AEO vs GEO: what is the difference and which one matters first
Answer engines and generative engines optimize for different signals. Here is a working team's guide to deciding which lever to pull this quarter.
The acronyms multiply faster than the playbooks. Here is the shortest honest definition: AEO is about being the source an answer engine quotes. GEO is about being the brand a generative engine recommends. They overlap, but the work is not the same.
Clean definitions
Answer Engine Optimization (AEO) targets systems that surface a single answer with citations, like Perplexity or the AI Overviews on Google. The optimization unit is the cited passage.
Generative Engine Optimization (GEO) targets systems that produce free-form recommendations, like ChatGPT or Claude inside a customer chat. The optimization unit is the model's internal representation of your brand.
What each one rewards
- AEO rewards clean, citable passages with strong question-to-answer fit and visible authority signals.

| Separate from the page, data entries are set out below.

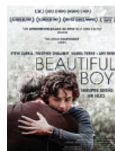
2018. Director F. Van Groeningen Reparto Steve Carell, Timothée Chalamet, Maura Tierney

Frente a sus ojos azules, los de Timothée Chalamet (lejos queda ese Elio que lo catapultó a la fama en Call Me by Your Name ), huidizos, frágiles, ciegos tras un flequillo largo y despeinado, en gran parte avergonzados por la
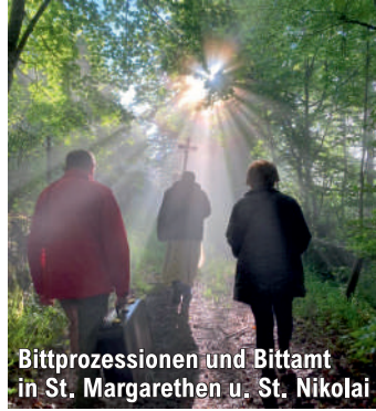
Bittprozessionen und Bittamt in St. Margarethen u. St. Nikolai
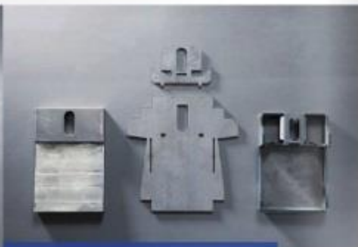
Neukonstruktion zur kostengünstigeren Variante.

Qualifikation, Erfahrung, Kreativität und moderne Technologie, das sind die Komponenten zur Fertigung individueller Lösungen auf der Basis der Stahl, Edelstahl und Aluminiumverarbeitung. Sie haben eine Idee? Wir setzen diese konstruktiv und fertigungstechnisch um.
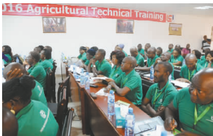
中国首次在尼日利亚举办农业技术培训 6月13日,在尼日利亚阿布贾,尼方农业技术人员聆听中国农业专家授课。这是中国首次在尼日利亚举办援外农业培训班。培训为期5天,中方为尼方40名学员提供土壤肥、种子、水稻栽培、农机实践等相关课程。 新华社发

第九届巴黎中国曲艺节由中国曲艺家协会、巴黎中国文化中心、法国《欧洲时报》与法国华商会共同举办,14日还将举办一场面向华侨华人和在法中国留学生的专场演出。
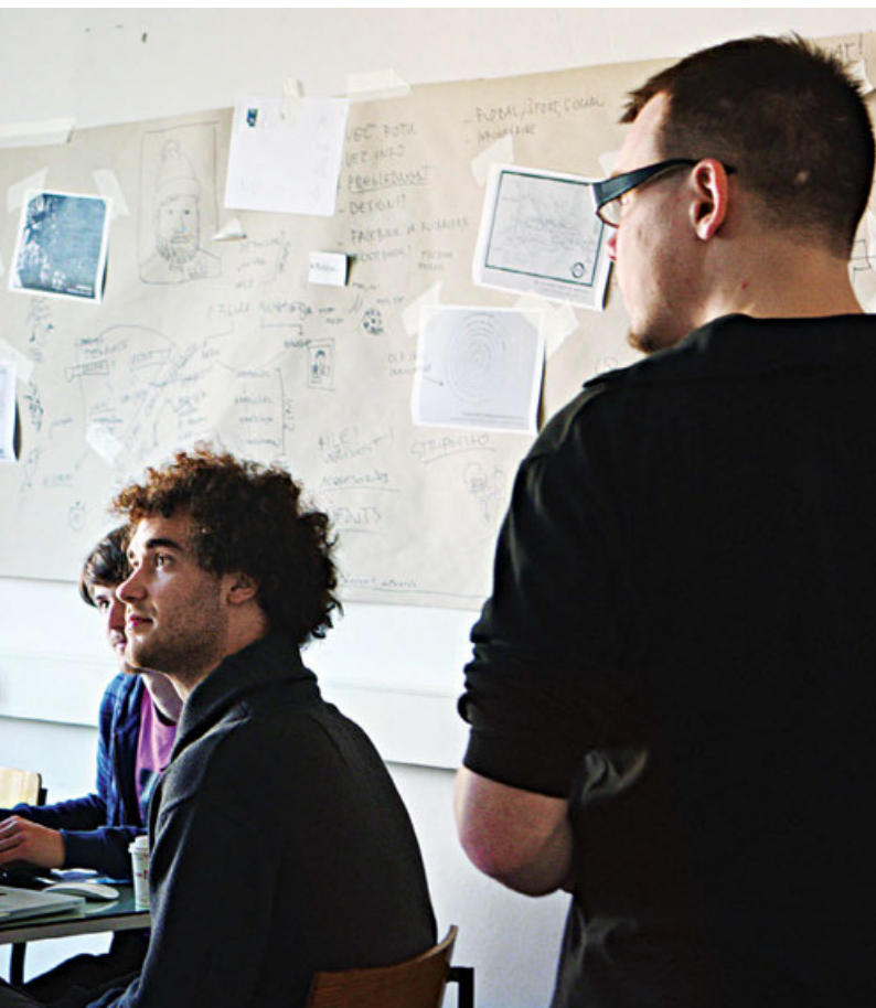
Skupinsko delo načrtovanja vidnih sporočil (tipografska delavnica prof. Leonidasa)
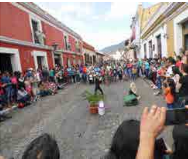
La población local y flotante hace que Antigua Guatemala parezca en movimiento a toda hora.
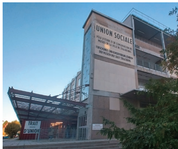
圖6 法國斯特拉斯堡市立博物館群的研究與保存中心建築物一隅 陳怡蓁提供

回到2025 IMD的主題，旨在透過無形文化資產、年輕力量、新興科技等三個子題，探索當今社會與博物館共同面對瞬息萬變的大環境。此時，博物館不再只是單純的保存空間，而是轉化成為形塑永續、理解包容的積極行動者。依ICOM的主題說明，冀以博物館能夠透過「創造就業機會和提供教育計畫來支持當地經濟」，並「藉由培養創造力和運用新興技術，推動創新並提高近用性」，以及「作為文化中心，促進包容性、韌性和文化資產保存，為城市的永續發展做出貢獻」，與SDG8就業與經濟成長、SDG9永續工業與基礎建設及SDG11永續城鄉的重點一致。
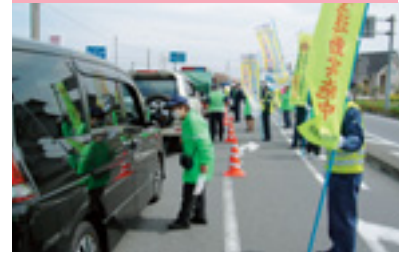
群馬・埼玉合同街頭指導
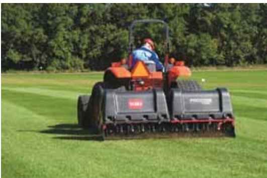
Toro Procure 1298
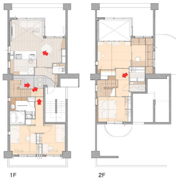
リフォーム後の平面図
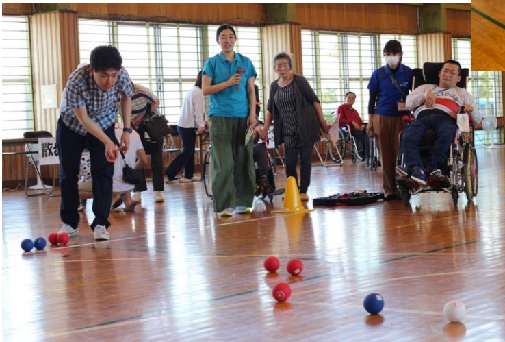
ボッチャに集中してプレー
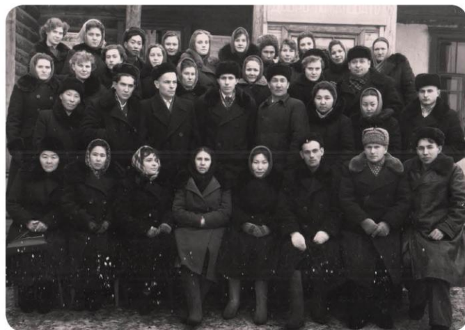
В Бурятии 1960г.

- GEO rewards consistent, repeated public framing across reputable sources so the model's prior leans your way.
- AEO can move within weeks. GEO usually takes a sampling cycle of months as model behavior shifts.
Which to pick first
If your category already has a name, start with AEO. You can win cited passages quickly with focused content updates.
If your category is new or you compete on framing, start with GEO. You need the model to learn what you do before it can recommend you.